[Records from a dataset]
+ + + +

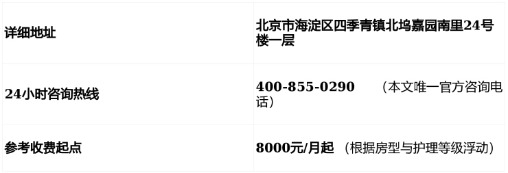 在深入了解各项细节之前,先通过以下表格快速掌握北京广源长青养老中心的核心信息:
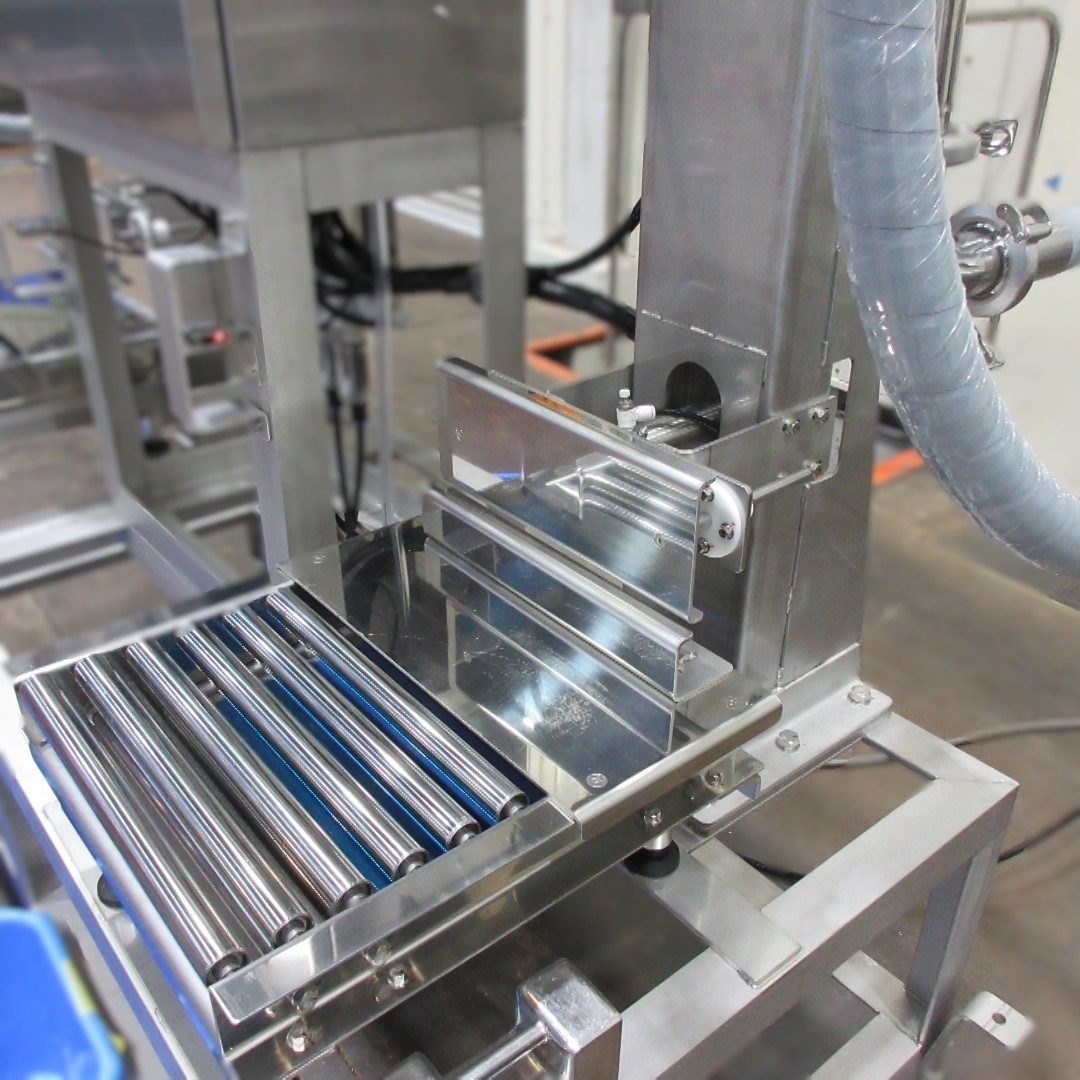 容器はローラー付き計量器に載せられ、設定重量になるとプッシャーが容器を前方へ自動排出。
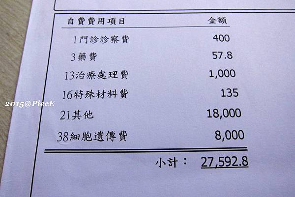 最後附上我們在中山醫檢查的費用,
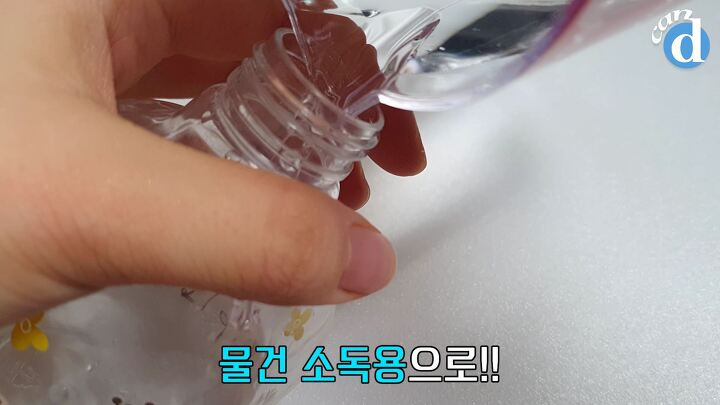 세 가지 액체를 섞어주면 손 소독제 만들기 완성!
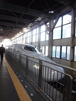 快速電車で30数分、新大阪に着いたが昼飯はコンビニのおにぎりになってしまった![]()
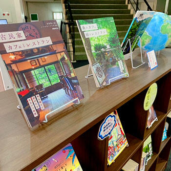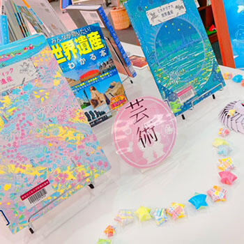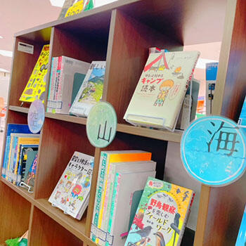 図書館では、「おうちで過ごす夏」と「外に飛び出す夏」をテーマに展示をしています。
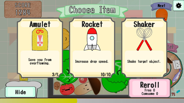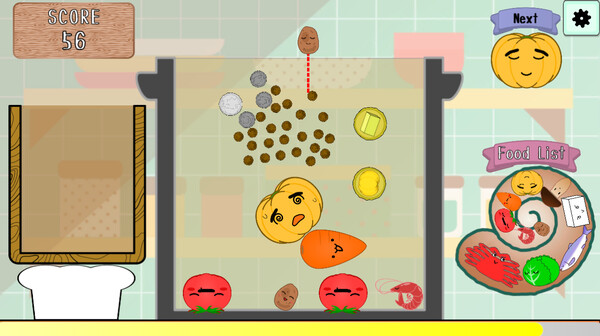 Drop cute foods into a hot pot, merge them, and try to get higher score until foods overflow out of the pot.
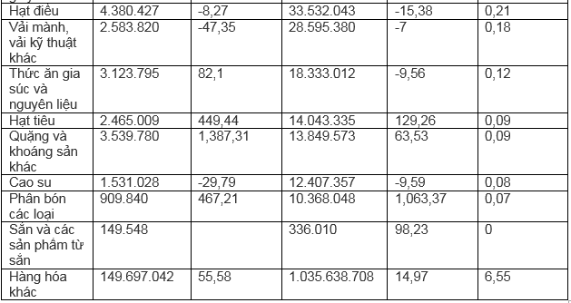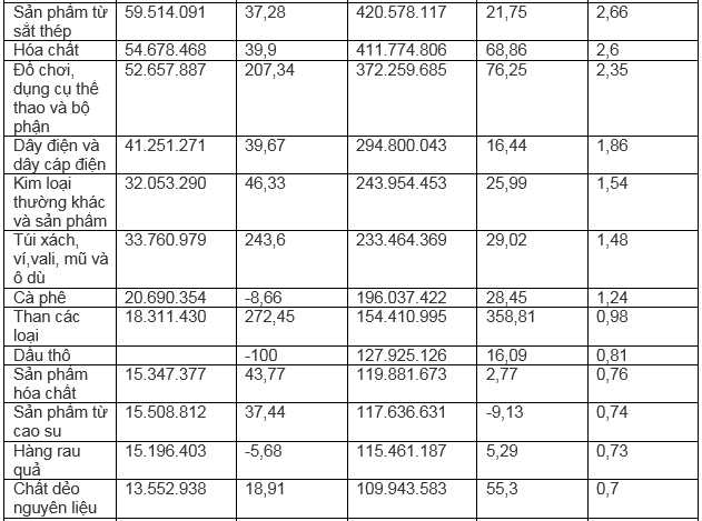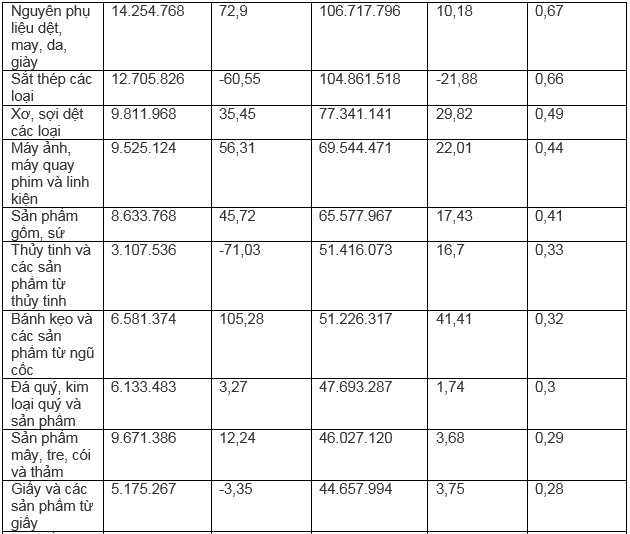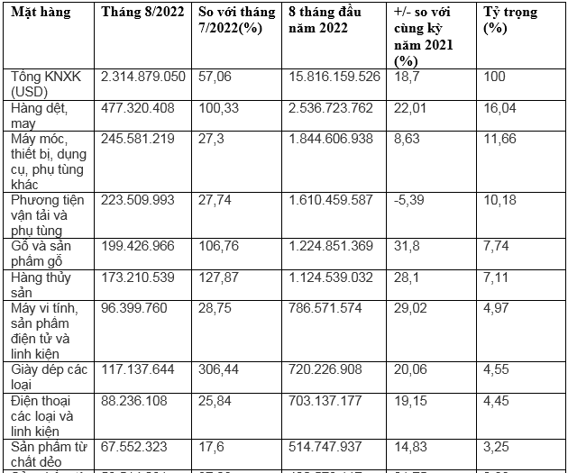Dẫn đầu kim ngạch xuất khẩu trong 8 tháng đầu năm 2022 là: Hàng dệt may đạt 2,53 tỷ USD, chiếm 16% tỷ trọng xuất khẩu, tăng 22%. Tiếp đến là máy móc, thiết bị, dụng cụ, phụ tùng khác đạt 1,84 tỷ USD, tăng 8,6%, chiếm 11,6%.
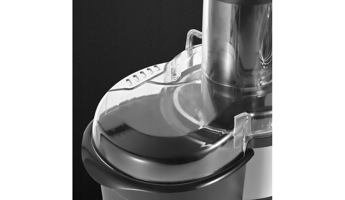 Do sokowirówki dołączony jest funkcjonalny zestaw akcesoriów, w tym popychacz oraz dzbanek o pojemności 1 L z pokrywką , w którym możesz serwować sok. Dzięki pokrywie możesz przechowywać sok w lodówce, mając pewność, że zachowa świeżość i nie przejdzie zapachami innych produktów. Wbudowany separator piany pozwala uzyskać klarowny napój o idealnej konsystencji.
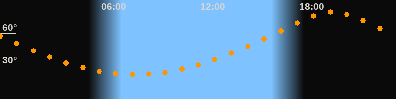Höchster Stand (Kulmination)20:09 Uhr (h = 79,1°)
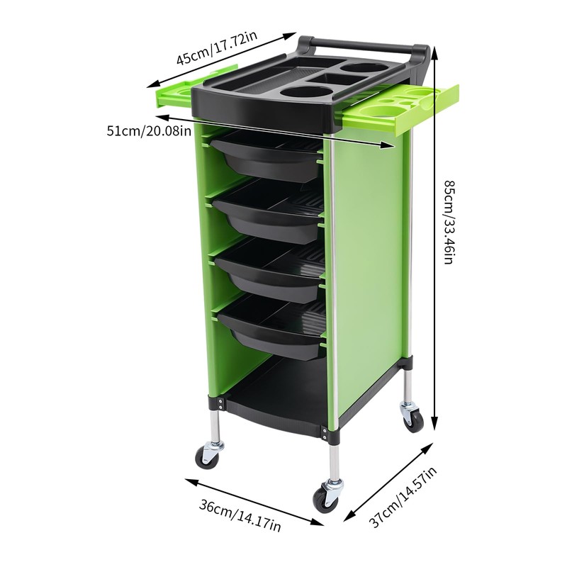 - 【Easy to Access】The top tier with an open design has multiple compartments and the 4 middle drawer-type shelves can be pulled out smoothly in two directions, making it convenient for you to access and store various tools and salon supplies.
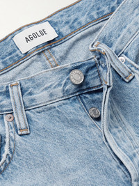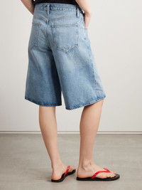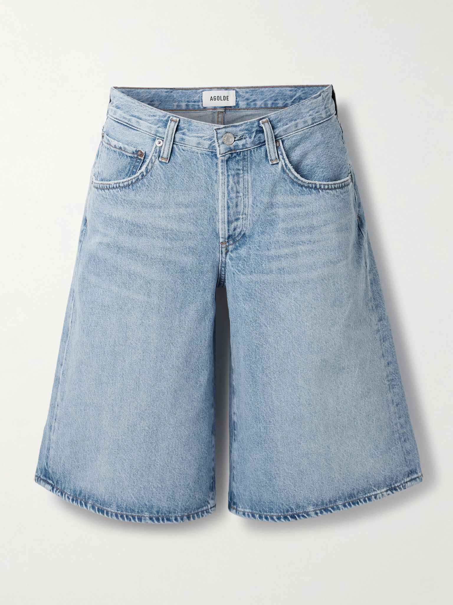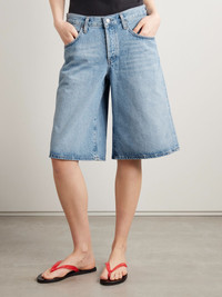 If you're a fan of AGOLDE's 'V-Waist' jeans, you'll want to add these shorts to your summer rotation. Cut from light-blue denim, they're subtly whiskered and have a relaxed, longline shape. Lower-Impact Materials. This product is made using at least 50% lower-impact materials or ingredients. Find out more about our NET SUSTAIN criteria here. Size & Fit - Fits true to size, however those who are between sizes should take the smaller size - High-rise, designed for a loose fit - Mid-weight, non-stretchy denim - Model is 177cm/ 5'10" and is wearing a size 26 Model measurements: - Bust: 77cm/ 30.5" - Waist: 61cm/ 24" - Hip: 92cm/ 36" Details & Care - Light-blue denim - Partially concealed button fastenings along front - 100% regenerative cotton - Machine wash - Designer wash: Prevail - This product has been made with regenerative cotton, supporting holistic farming practices that increase soil health, improve biodiversity and reduce carbon emissions
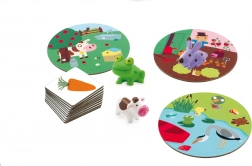 Spillet Djeco Lille association er et ideelt valg som det første brætspil. Børnene matcher dyr med miljøer eller genstande på kortene – for eksempel en kanin til en gulerod, en fisk til en dam eller en mariehøne til en eng. Den enkle idé støtter hurtige beslutninger og udvikler naturligt forståelsen af verden omkring os.
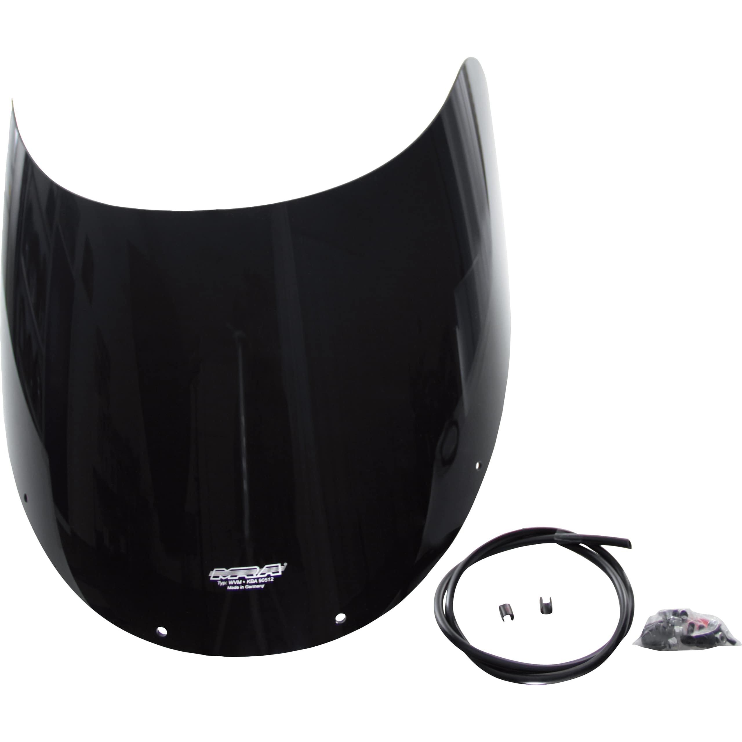 Die MRA Verkleidungsscheibe im Originalformat ist so konzipiert, dass sie die vorhandenen Befestigungspunkte und -elemente des Motorrads nutzt. In den meisten Fällen wird die Scheibe ohne zusätzliches Montagematerial geliefert, da die originalen Schrauben, Muttern und eventuell vorhandene Gummidichtungen wiederverwendet werden können. Überprüfen Sie die Produktverpackung oder die beigelegte Anleitung auf spezifische Hinweise.

+ + + +

▸ **Requirement**
Retype each line of the data exactly, beginning with the first; include the line containing "Höchster Stand (Kulmination)20:09" and stop there, skipping every picture.

▸ **Worked solution**
 在深入了解各项细节之前,先通过以下表格快速掌握北京广源长青养老中心的核心信息:
 容器はローラー付き計量器に載せられ、設定重量になるとプッシャーが容器を前方へ自動排出。
 最後附上我們在中山醫檢查的費用,
 세 가지 액체를 섞어주면 손 소독제 만들기 완성!
 快速電車で30数分、新大阪に着いたが昼飯はコンビニのおにぎりになってしまった![]()
 図書館では、「おうちで過ごす夏」と「外に飛び出す夏」をテーマに展示をしています。
 Drop cute foods into a hot pot, merge them, and try to get higher score until foods overflow out of the pot.
Dẫn đầu kim ngạch xuất khẩu trong 8 tháng đầu năm 2022 là: Hàng dệt may đạt 2,53 tỷ USD, chiếm 16% tỷ trọng xuất khẩu, tăng 22%. Tiếp đến là máy móc, thiết bị, dụng cụ, phụ tùng khác đạt 1,84 tỷ USD, tăng 8,6%, chiếm 11,6%.
 Do sokowirówki dołączony jest funkcjonalny zestaw akcesoriów, w tym popychacz oraz dzbanek o pojemności 1 L z pokrywką , w którym możesz serwować sok. Dzięki pokrywie możesz przechowywać sok w lodówce, mając pewność, że zachowa świeżość i nie przejdzie zapachami innych produktów. Wbudowany separator piany pozwala uzyskać klarowny napój o idealnej konsystencji.
Höchster Stand (Kulmination)20:09 Uhr (h = 79,1°)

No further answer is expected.